Given NDUFS2's role in maintaining mitochondrial membrane potential and inhibiting mitochondrial cell death in cancer cells , disrupting the OTUB1/NDUFS2 axis could potentially sensitize cancer cells to apoptosis. This represents a novel approach to targeting the altered metabolism of cancer cells, which often rely on mitochondrial function despite the Warburg effect.
Future research in this area should focus on validating this axis as a therapeutic target in diverse cancer types and developing specific inhibitors with minimal effects on normal tissues.
Histidine NADH Dehydrogenase Fe-S Protein 2, also known as NDUFS2, is a crucial component of the mitochondrial respiratory chain. This protein plays a significant role in the electron transport chain, which is essential for cellular respiration and energy production in eukaryotic cells.
NDUFS2 is a human recombinant protein produced in Escherichia coli (E. coli).
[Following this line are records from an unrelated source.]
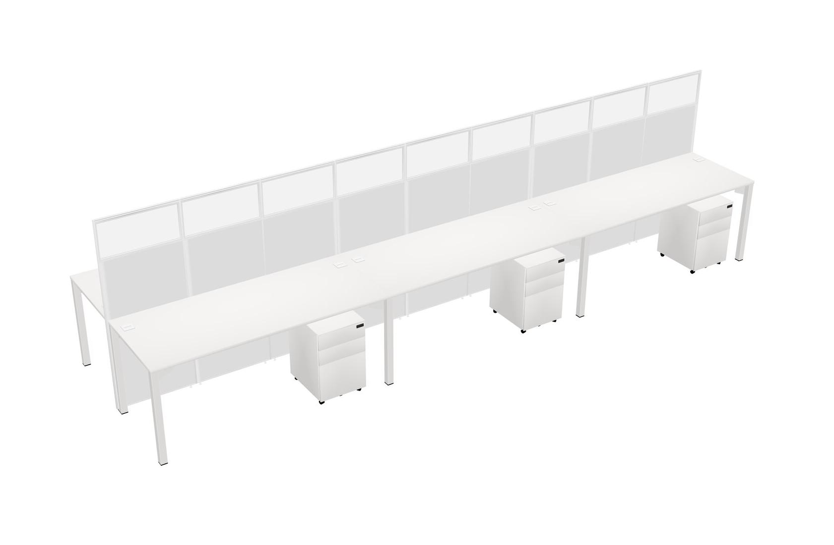 White Shared Rectangular Office Cubicle Panel System With Mobile Drawers For 6 Persons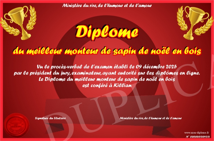 Envoyez par email votre Diplôme du meilleur monteur de sapin de noël en bois personalisé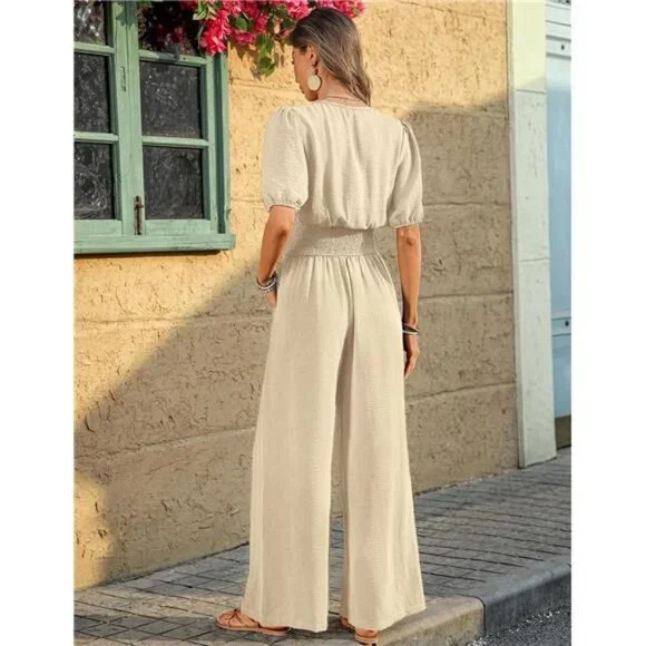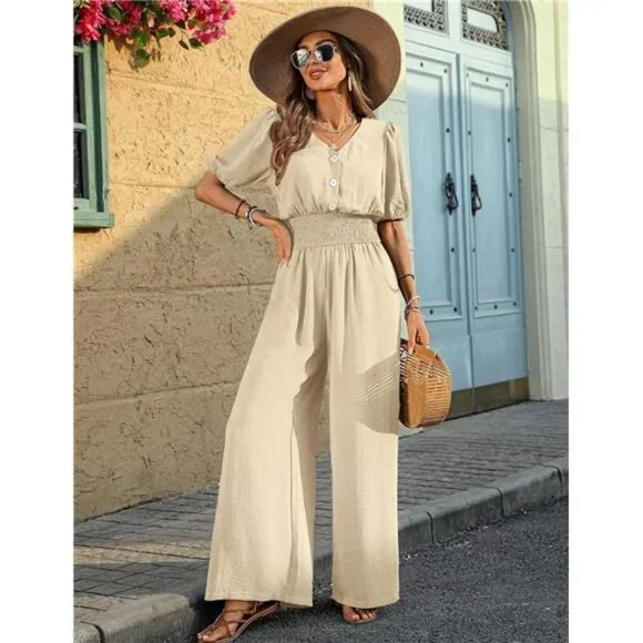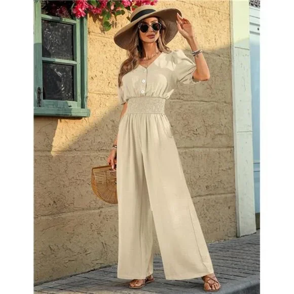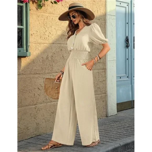 Lightweight and Comfortable: This women´s jumpsuit is made of high-quality fabrics, comfortable and breathable to wear; the elastic pleated design at the waist perfectly modifies the waist and is body-friendlyFeatures: one-piece design, V-neck, classic and fashionable shell buttons, short sleeves, solid color, elastic waist, classic wide-leg pants design, two pocketsOccasion: This summer casual jumpsuit is fashionable and elegant, and it is simple and fashionable to match. Just wear a sun hat, necklace, thin cardigan or sandals to create a summer beach style, or create a casual style, which is very suitable for daily wear, home, outdoor, shopping, dating, party, beach, street, school, travel, vacation, club, night out, etcClothing care: It is recommended to machine wash with a laundry bag, machine wash with clothes of the same color, do not bleach, hang to dry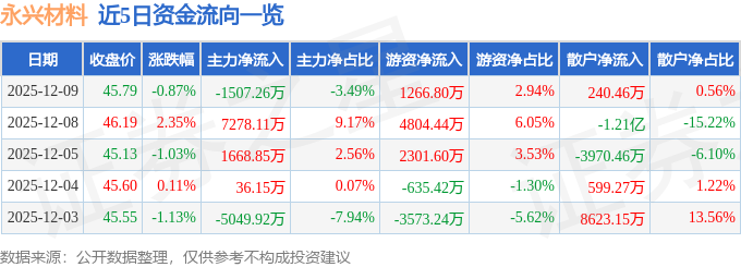 证券之星消息,截至2025年12月9日收盘,永兴材料(002756)报收于45.79元,下跌0.87%,换手率2.42%,成交量9.41万手,成交额4.32亿元。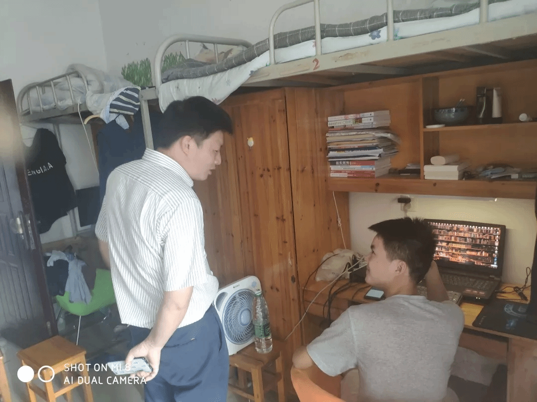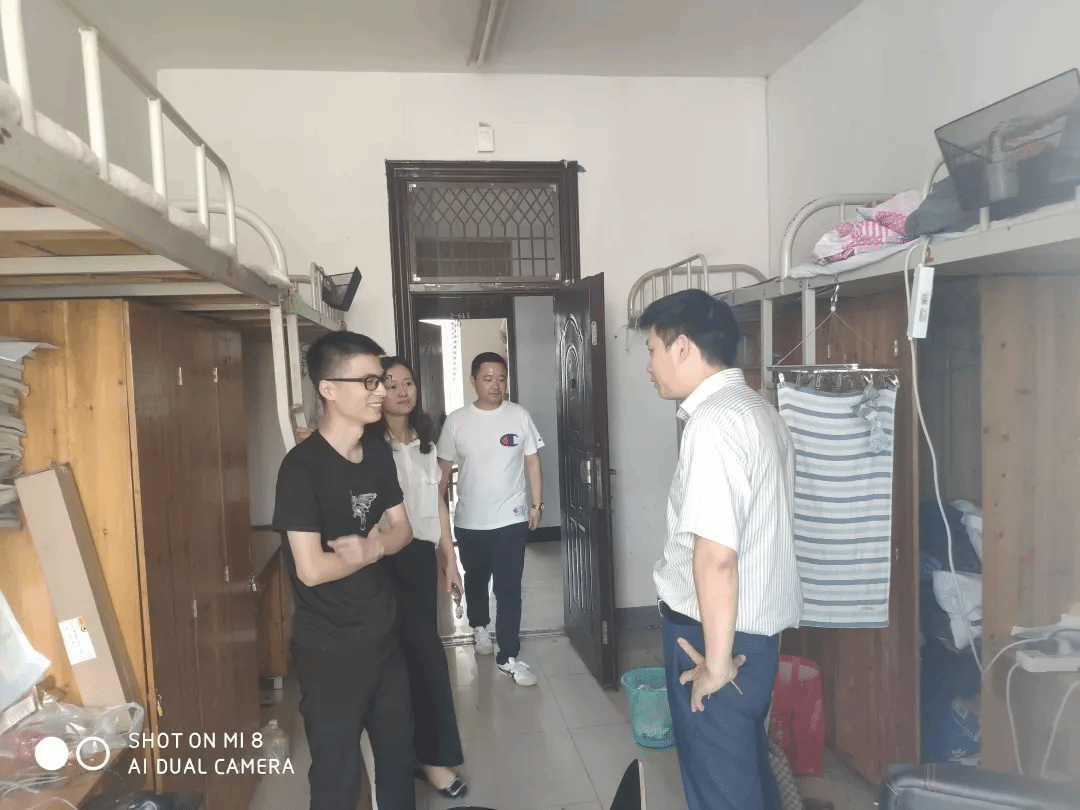 彭院长和老师们逐一敲开毕业生寝室的门,看望还未离校的毕业生们,关心的问到学生们是否找到工作,在生活中是否有困难。也贴心地提醒学生们,在寝室少吸烟喝酒要爱护身体,最后在校这几天同样要注意寝室卫生的干净整洁,一定要注意用电安全。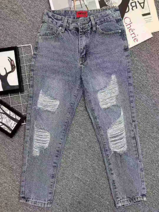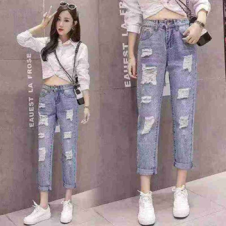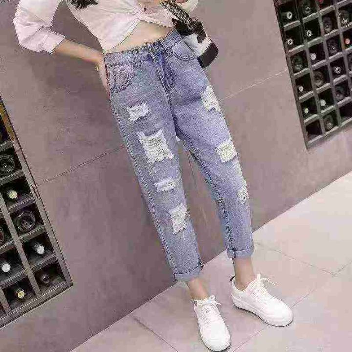 ☕️高腰破洞宽松哈伦裤女夏季显瘦老爹乞丐裤 717条全...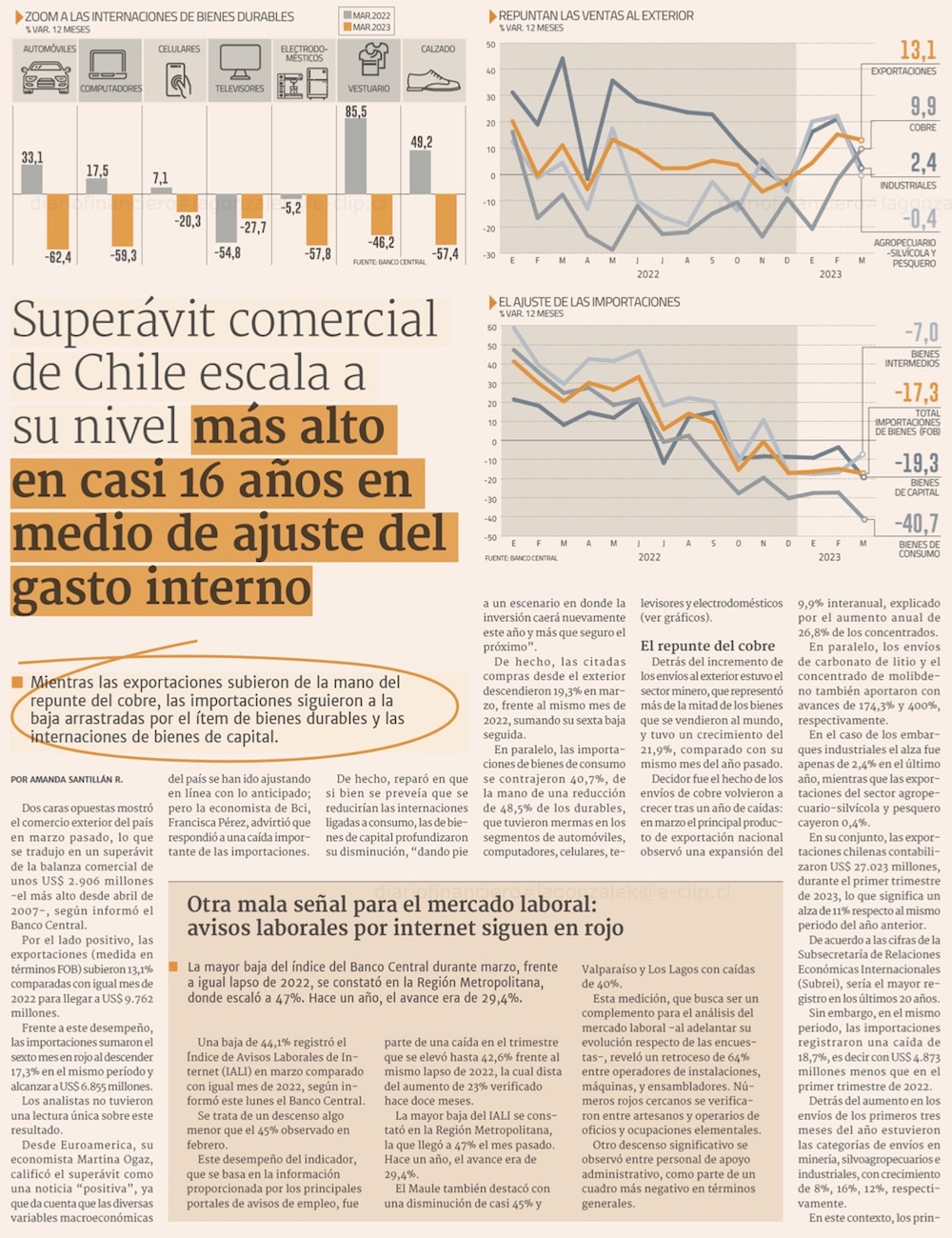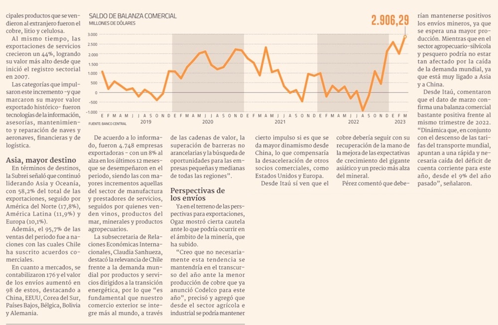 Exportaciones en marzo suman récord de casi US$ 10.000 millones por cobre y litio - (El Mercurio de Santiago)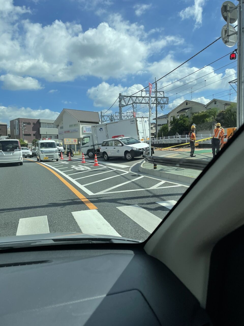 奈良線、踏み切り内にトラックが立ち往生中。今日の予定、早くも大狂い😭エンストしとるんか?

It is a single, non-glycosylated polypeptide chain consisting of 410 amino acids, with a molecular mass of approximately 46.5 kDa . The protein is fused to a 23 amino acid His-tag at the N-terminus, which facilitates its purification using chromatographic techniques .
NDUFS2 is a subunit of the NADH:ubiquinone oxidoreductase complex, also known as Complex I, which is the first enzyme of the mitochondrial electron transport chain. This complex is responsible for transferring electrons from NADH to ubiquinone, a process that is coupled with the translocation of protons across the mitochondrial inner membrane. This proton gradient is then used to generate ATP, the primary energy currency of the cell.
The electron transport chain is a series of protein complexes and other molecules that transfer electrons from electron donors to electron acceptors via redox reactions. This chain is a critical component of oxidative phosphorylation, a metabolic pathway that uses energy released by the oxidation of nutrients to produce ATP. NDUFS2, as part of Complex I, is essential for the initiation of this process.
Mutations in the NDUFS2 gene can lead to mitochondrial diseases, which are a group of disorders caused by dysfunctional mitochondria. These diseases can affect various organs and systems, leading to a wide range of symptoms, including muscle weakness, neurodegenerative diseases, and metabolic disorders.
Recombinant NDUFS2 is widely used in biochemical and biomedical research to study the structure and function of Complex I, as well as its role in mitochondrial diseases. The availability of human recombinant NDUFS2 allows researchers to investigate the effects of specific mutations and to develop potential therapeutic strategies for mitochondrial disorders.
The recombinant NDUFS2 protein is typically stored at -20°C for long-term storage, with the addition of a carrier protein such as human serum albumin (HSA) or bovine serum albumin (BSA) to prevent degradation . It is important to avoid multiple freeze-thaw cycles to maintain the protein’s stability and functionality.